Overview
- Mediaflux intro
- Import data with metadata
- Query data based on metadata searches
Material
Mediaflux concepts
Mediaflux (ref) is the underlying storage platform that pshell communicates with. It is out of scope to discuss the full capabilities of Mediaflux, but, a few relevant items will be mentioned.
Mediaflux is a database on a filesystem (or filesystems) that can be queried in a somewhat comparable manner as SQL. The Mediaflux database is XML based so the arguments and search terms are couched in the language of XML.
Every file stored in a Mediaflux server gets transformed into an asset and has a unique ID reference - this is the ID reported by pshell in the previous introductory section.
An asset consists of metadata and a reference to where the actual file content is stored ie the file-system path. Both the metadata and file content can be versioned and previous version retrieved. The default behaviour if no particular version is specified is to use the most recent version. Multiple versions of file content impact your usage/quota.

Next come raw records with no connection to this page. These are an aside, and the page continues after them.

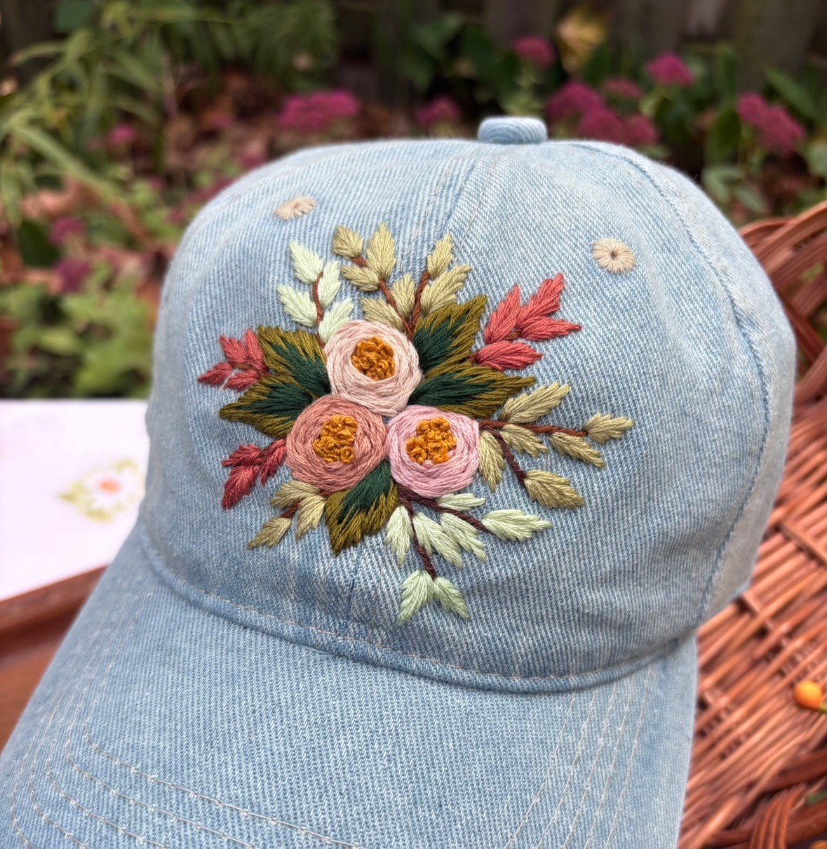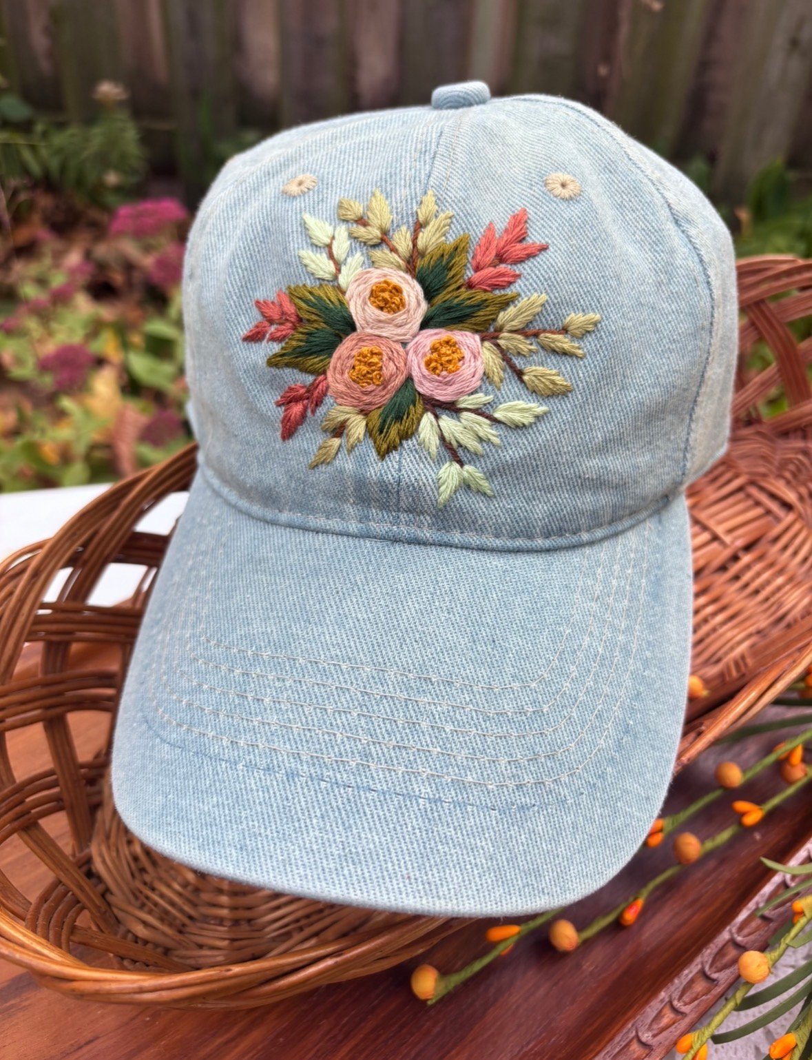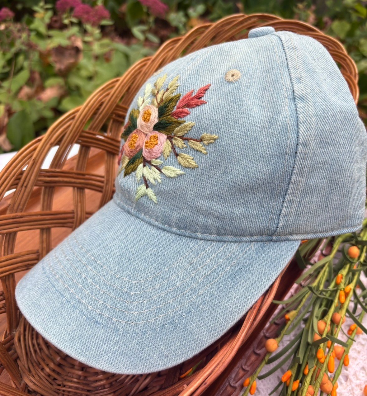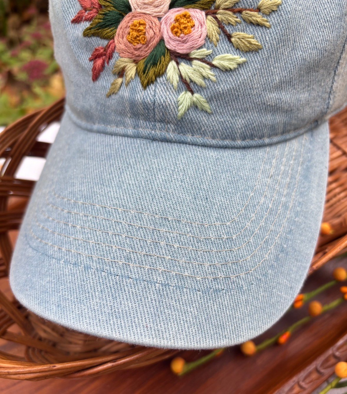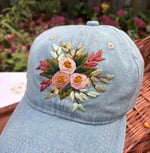 A light blue jean fabric dad-style hat featuring a hand-stitched floral design. The hat is adjustable, ensuring a comfortable fit for most people.
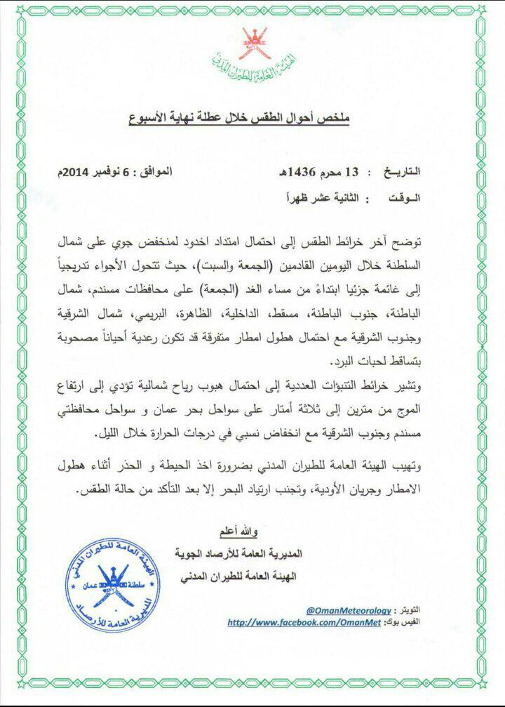 الى احتمالية هيجان الموج في بحرعمان اثناء هطول الامطار مع توقعات بجريان الاودية بالتالي ننوه الى اخذر الحيطة و الحذر و عدم المجازفة ,,
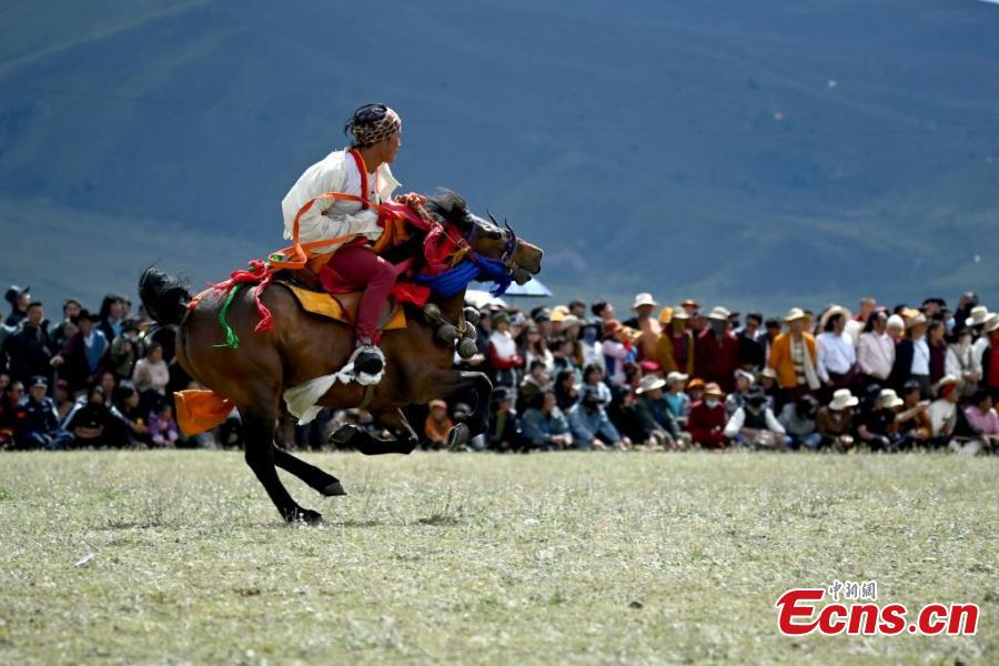 A rider demonstrates his skills at a horse racing event in Litang County, the Tibetan Autonomous Prefecture of Garze, southwest China's Sichuan Province, July 30, 2024. (Photo: China News Service/Liu Zhongjun)
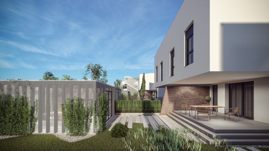 TEHNIČKI OPIS: energetski učinkoviti sustav gradnje s najmodernijim izolacionim materijalima, kuća ima sustav grijanja pomoću dizalice topline, podno grijanje u svim prostorijama, termo fasada, pvc vanjska stolarija s troslojnim izo staklima, , dva pripadajuća parkirna mjesta, vanjsko spremište uz dvorišnu terasu i ograđeni vrt kuće od oko 300 m2.
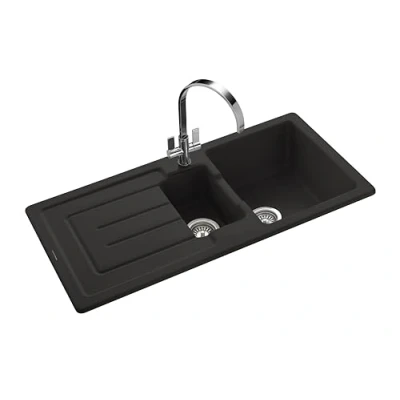 Rangemaster CAU10102MB/ Austell 1000500 1.5B Ceramic Black inc.Waste Tap, White

namespaces are the Mediaflux name for the virtual folder structure that was introduced in the previous section.
metadata format - this tells you what queries can be done
Code Block |
---|
asset.get :id ASSET-ID
asset.get :id "path=FULL-PATH-TO-FILE" |
MetadataInstead of files and folders (pshell) you have:
- assets - the file content and associated metadata
- namespaces - remote folder structure on the mediaflux server
Mediaflux metadata is:
- XML-based
- has it's own query language
The main commands, operating on assets and asset metadata, are:
- asset.get - display metadata for an asset
- asset.set - alter metadata for an asset
- asset.query - find assets based on metadata queries
Mediaflux commands
These can be run in pshell or the vendor's own client (aterm.jar)
The general command is:
Code Block |
---|
asset.get :id ASSET-ID
asset.get :id "path=FULL-PATH-TO-FILE" |
If we wanted to extract a specific piece of information, such as the checksum, we use the optional xpath argument:
Code Block |
---|
pawsey:/projects>asset.get :id 69776098 :xpath content/csum
value = 384461DE |
The general command is:
Code Block |
---|
asset.set :id ASSET-ID <ELEMENT AND VALUE> |
For example, this is equivalent to a rename:
Code Block |
---|
asset.set :id 2958 :name "new name"
version="2" -changed-or-created="true" -id="2958" -stime="12095" |
Note: a new version of the asset is created - reflecting the fact that the name has been altered.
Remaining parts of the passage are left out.